Minimalist composer James Tenney (an early member of the Philip Glass Ensemble) wrote Koan: Having Never Written A Note For Percussion for experimental percussionist John Bergamo in 1971. It is for a percussion instrument (he doesn't specify which) and consists of a single note, initially quadruple-pianissimo, then with a crescendo to a quadruple-fortissimo, then with a diminuendo back to quadruple-pianissimo. This note should be "very long". (The score is helpfully included on a slip of paper in the sleeve of this record.) And people think that the Pixies invented that quiet-loud-quiet thing...
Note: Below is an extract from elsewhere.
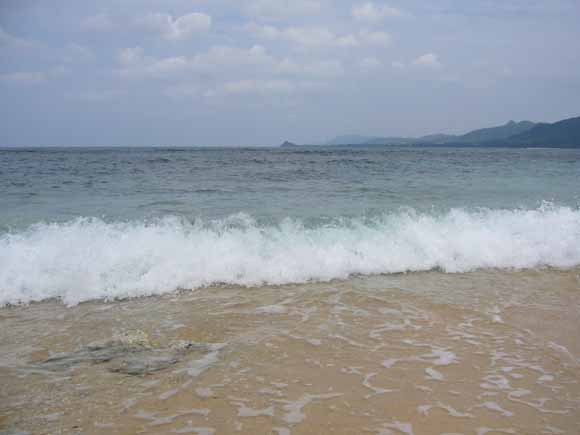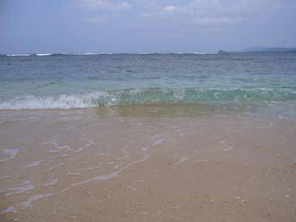 沖へ数十メートル歩いても水深は10〜15cm。

This record contains two fascinating performances on a gong by left-field techno adventurer Rrose. The A-side is a studio version, just over 27 minutes and utterly engrossing: I can get totally lost listening to the resonances build up and new sounds start emerging and interacting with each other. This is, I'm pretty sure, the closest I've ever come to a gong bath on vinyl. The B-side is a 30-minutes live recording in the abandoned trolley-bus station beneath Washington D.C.'s Dupont Circle. The effect is quite different, you can hear the interaction between the instrument and the environment and there are some quite loud clanking noises presumably from people moving around in the cavernous-sounding hall. It's also pretty fascinating, and both by itself and as a companion piece... I think I slightly prefer the purity of the studio version, with its intimate, intense, and disintermediated relationship between the instrument and the listener.

I bought this from Boomkat. They call it Electronic, which is just crazy-talk.